И было в лице его такое выражение, будто он сам вслушивался в свой голос и хотел еще глубже проникнуть в сущность произносимых им слов.
И оттого, что вся сила его жизни уходила в мозг, силящийся проникнуть в тайну этих слов, жизнь в эти минуты отливала от его лица, и лицо было неподвижно и бледно, с полуоткрытым ртом, с потемневшими губами и лбом, на котором, чудилось, проходили тени… Разве думы не бросают теней от себя на лицо?.. Его лицо было как каменное: ничто земное уже не волновало его в эти минуты. Но его лоб дышал, ибо лоб в иные мгновения бывает так же выразителен, как и лицо.
И вот эта-то каменная неподвижность его лица с мертвенно-темными, но шепчущими незнакомые слова на незнакомом языке губами и вместе с этим глаза, казалось, через край полные, будто налившиеся, всеми соками всех сил его, и мерцание мыслей на лбу приводили больного в такое состояние, когда чувствуешь, что в твою жизнь и в твою судьбу вторглась другая жизнь и властвует над тобой и заливает тебя волна и втягивает в себя как пучина…
В комнате у боярина горела стеклянная масляная лампа, очень большая, но с очень маленьким фитилем. Эта лампа служила одновременно и ночником, и часами. Её резервуар был цилиндрической формы; на стенках этого цилиндра были нанесены красные линии числом 12. Изготовлял эти лампы-часы один еврей, переселившийся в Москву еще при первом самозванце. Он брался делать часы-лампы из любой стеклянной посуды, так как знал секрет резать стекло и умел его шлифовать.
Время по лампе определялось количеством выгоревшего масла. Против каждой красной линии были изображены римские цифры от I до XII. Штука была нехитрая, но в Москве только и был один мастер, работавший такие масляные часы, — этот еврей, известный почти в каждом богатом доме человек уже пожилой, в больших круглых очках и широком черном балахоне, выходивший из своего дома на краю города только по вечерам, отчего его и прозвали «Филином». Ходил он по улицам, прячась от людей и выбирая темные и уединенные места во избежание встречи с мальчишками… Только потому.
Но так как такое соображение никому в голову не приходило, то многие чувствовали к нему неприязнь и гадливость, считая его хоть и человеком, да только таким, который среди людей то же, что среди птиц нечистые птицы, воспрещенные законом к употреблению в пищу.

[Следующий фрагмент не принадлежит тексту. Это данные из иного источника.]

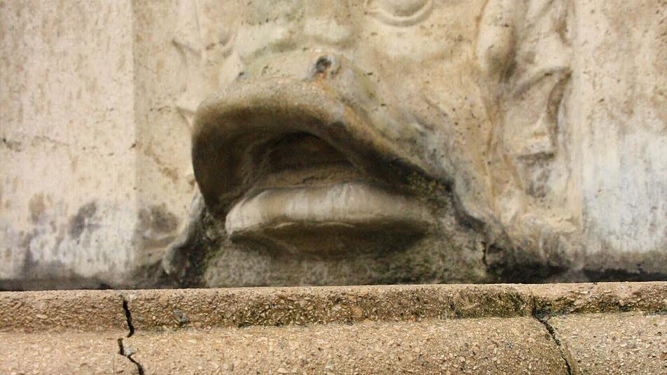 Auch für den Laien deutlich sichtbar sind die Risse, die sich an dem in die Jahre gekommenen Brunnen entlangziehen. Klaus Rützel: "Die Frage wird sein, ob das Brunnenbecken zu erhalten ist."

И потому прозвище «Филин» казалось для него самым подходящим.
Старые люди, встречаясь с ним, вспоминали свое время, когда ничего такого в Москве не водилось. «Филин» словно пачкал своим широким балахоном стены их домов, в окнах которых теплились лампадки, и мог испачкать их самих.
И они старались обходить его, чтобы как-нибудь этот его балахон не задел их.
И всегда плевались при этом.
Лампы, однако у него покупали. Правда, эти лампы, прежде чем налить в них масла, окуривались ладаном и кропились святой водой. Но многим хотелось иметь часы, не требующие никакого ухода.
Было, впрочем, и в пригородах, и в Белом Городе, и в самом Кремле тоже немало людей, которые наказывали гнать Филина чем ни попало от ворот.
И когда вечером выходил филин, а в окнах мерцали лампадки и звонили к вечерне колокола, — эта фигура с опущенной головой и развевающимся балахоном, неслышно и быстро мелькавшая мимо заборов от тени к тени, словно и впрямь низко над землей летящая ночная птица, — эта фигура не то что пугала таких людей и их челядь, но зрелище её откликалось в сердце глубокой тоской. И потом тоска разгоралась в злобу к этому человеку — не москвичу и не христианину, а которого, однако, Москва кормит и поит…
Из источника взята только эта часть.